The man clearly believed that if you’ve already got a blurry light in the sky once, why not show it again? And again. And then maybe tint it purple and pretend it’s new footage. And it all makes sense, believe it or not, because Winston Wheeler Dixon didn’t just make UFO movies. 

According to Wikipedia, his scholarship has particular emphasis on François Truffaut, Jean‑Luc Godard, American experimental cinema and horror films. The Museum of Modern Art has exhibited his work. He’s taught at Rutgers University, The New School in New York, the University of Amsterdam in the Netherlands, and was the James E. Ryan professor emeritus of film studies at the University of Nebraska–Lincoln.

So yes: the same guy who gave lectures on French New Wave cinema also directed movies in which a glowing dot over a mountain is supposed to convince you that alien warships are about to level Cleveland.

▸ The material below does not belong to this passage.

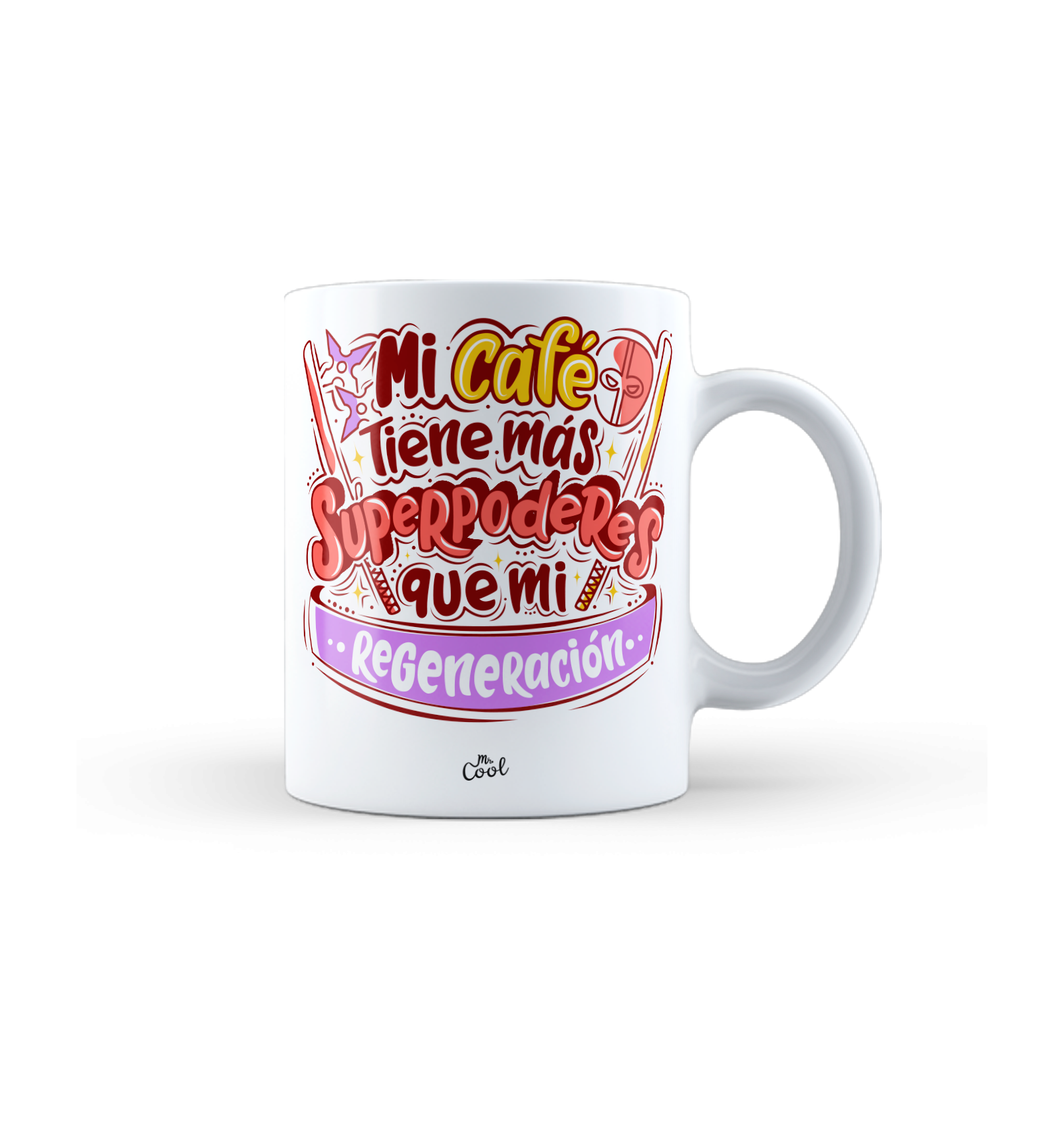 Taza con frases originales marca Mr. Cool, en cerámica de alta calidad y blanco brillante, apta para el microondas y el lavavajillas.

What makes my brain hurt even more is that he was a member of the New York City underground experimental film scene, wrote for Interview and co-founded the band Figures of Light. That’s right. The man who made bargain-bin— I say that term fondly—UFO documentaries was also helping lay the groundwork for noisy New York punk before most people even knew where or what CBGB was.

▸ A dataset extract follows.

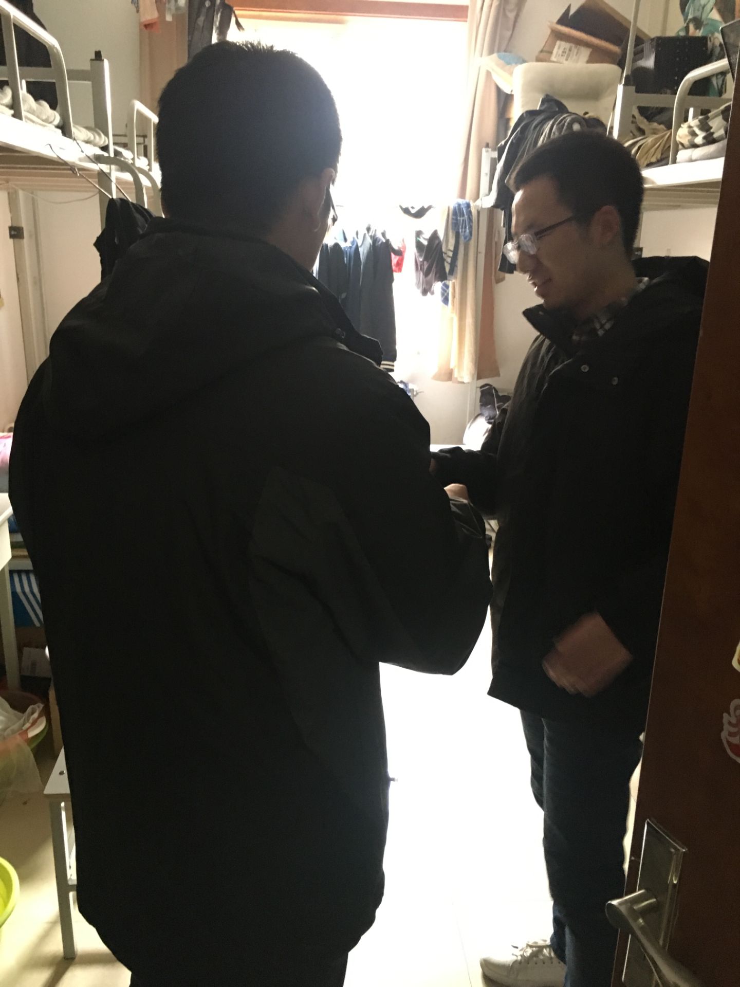 会前,支部书记刘彬布置了走寝安排,强调了走寝的目的和意义,在排除寝室安全隐患的同时,要切实了解学生在学习、生活过程中的困难,倾听学生对学院教育教学等方面的意见和建议。活动开展期间,大家对照学校宿舍规范标准进行逐一检查,温馨提醒同学们杜绝使用违规电器,保证用电安全。并亲切地和同学们拉起家常,询问同学们学习、生活等方面的情况,解答同学们的问题,和同学们嘘寒问暖,提醒同学注意天气变化。在研三学生的寝室,支部书记刘彬询问了研三同学的科研及就业情况,并在交谈中积极地为研三同学解答了对于工作选择上的疑问,让他们能更好的投入到接下来的研究生生活中。

This explains a lot about these movies. They feel less like documentaries and more like someone in the early 70s decided to make a collage of every weird thing they could find in a public domain archive.

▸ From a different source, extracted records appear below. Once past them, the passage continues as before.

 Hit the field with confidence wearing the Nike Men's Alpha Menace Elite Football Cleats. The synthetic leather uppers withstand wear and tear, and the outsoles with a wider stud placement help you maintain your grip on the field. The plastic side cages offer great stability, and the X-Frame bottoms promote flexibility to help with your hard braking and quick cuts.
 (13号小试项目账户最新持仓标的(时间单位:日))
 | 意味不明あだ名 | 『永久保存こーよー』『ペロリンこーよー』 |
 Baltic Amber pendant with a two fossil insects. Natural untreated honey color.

With a voiceover by Sidney Paul (who was also the narrator of Guerrilla Girl), this explores the wonder and magic ofwhat if aliens attacked us?all while we watch tinted photos, NASA-looking stock footage and blurred-out images that could be UFOs…or could be dust on the lens…or could be literally anything.  

Meanwhile, the soundtrack just chills in the background with that unmistakable 70s library-music energy: wah-wah guitars, cheap synth stabs, and the occasional sci-fi sound effect that feels like it escaped from a middle school planetarium show. It’s less about proving aliens exist and more about setting a vibe where you sit back and think,Yeah, maybe that glowing thing is from another galaxy.”

Star Force comes from that strange era where documentaries were allowed to be a little loose with the facts, a little dreamy and a lot weird. Nobody expected hard evidence. They just wanted spooky narration, grainy footage and the feeling that something mysterious might be happening just beyond the edge of the frame. And yes, maybe the title sounds like another film, so perhaps that gets you in the theater or pulling into the drive-in.

Put it on, dim the lights, light one up and let it wash over you. Just don’t expect answers. That was never really the point.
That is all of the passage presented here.